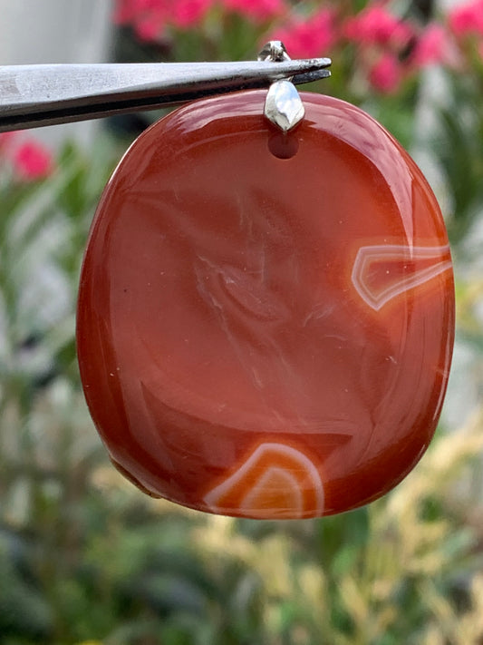 Cornaline, pendentif fait par Gem & Zen, de 32mm de hauteur x 24 de largeur x 8 d'épaisseur. Vendu avec cordon réglable de couleur noire !
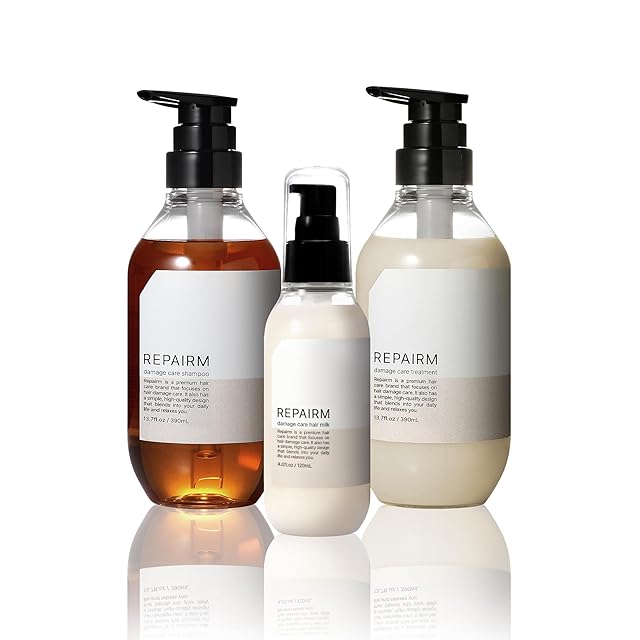 REPAIRM シャンプー トリートメント へアミルク セット 【ダメージ集中補修×なめらかにまとまり続く×アップルペアーの香り×各390ml+120ml】 (3点セット)
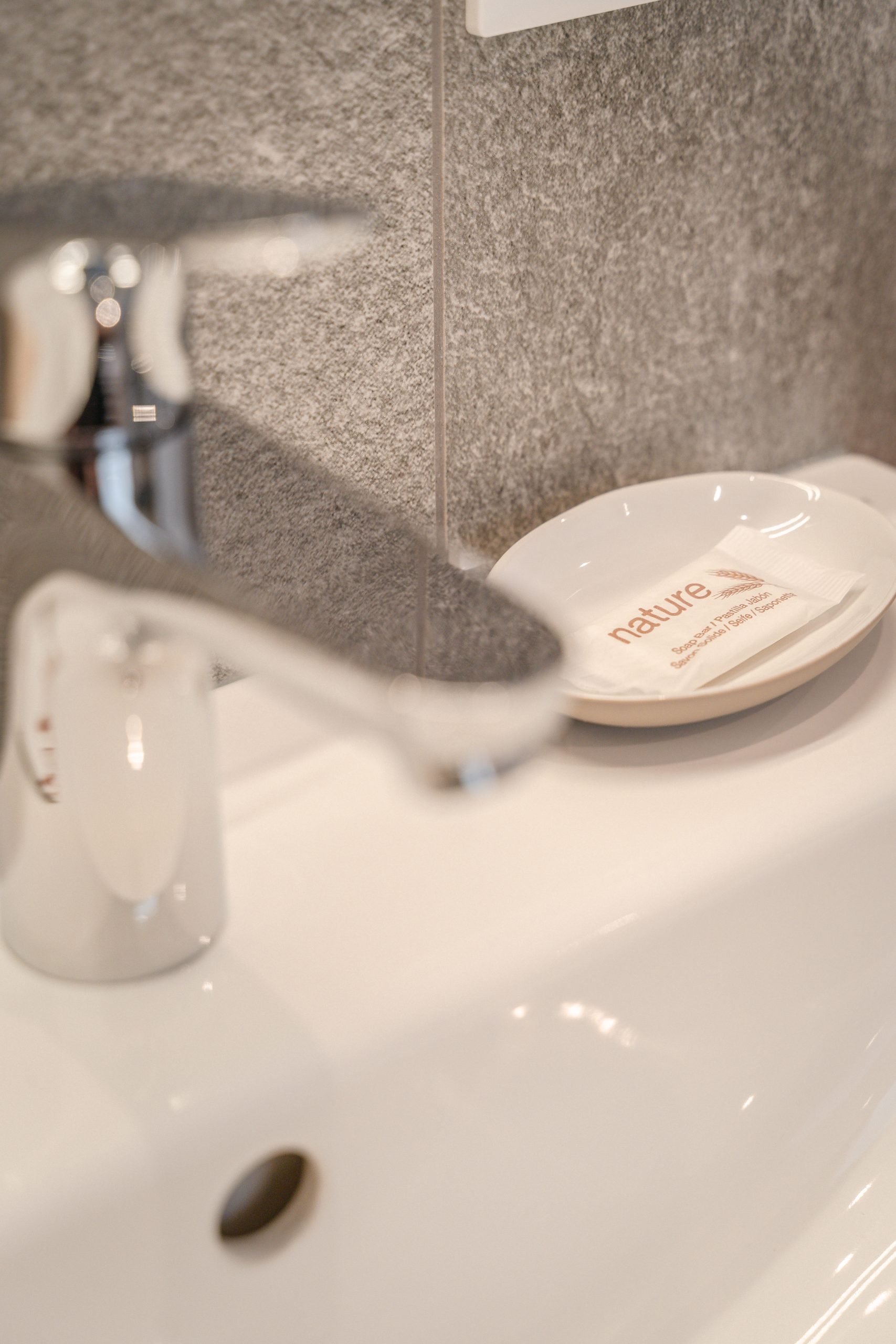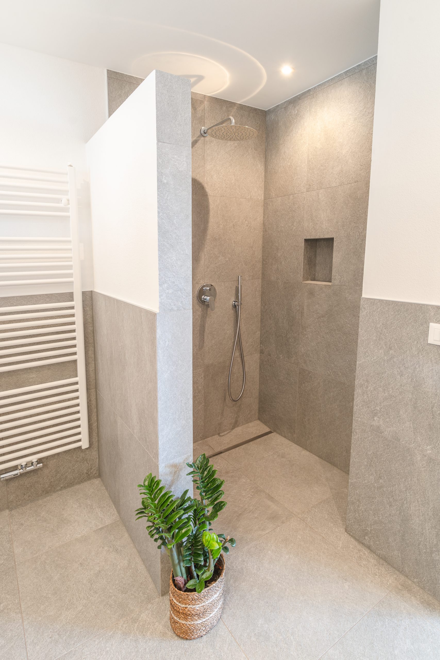 • 1 geräumiges Bad mit ebenerdiger Regendusche, Waschbecken, Föhn, WC & Bidet

■ **Exercise objective**: Omit each picture, then return all of the listing exactly as it stands.

■ **Written response**:
 Cornaline, pendentif fait par Gem & Zen, de 32mm de hauteur x 24 de largeur x 8 d'épaisseur. Vendu avec cordon réglable de couleur noire !
 REPAIRM シャンプー トリートメント へアミルク セット 【ダメージ集中補修×なめらかにまとまり続く×アップルペアーの香り×各390ml+120ml】 (3点セット)
 • 1 geräumiges Bad mit ebenerdiger Regendusche, Waschbecken, Föhn, WC & Bidet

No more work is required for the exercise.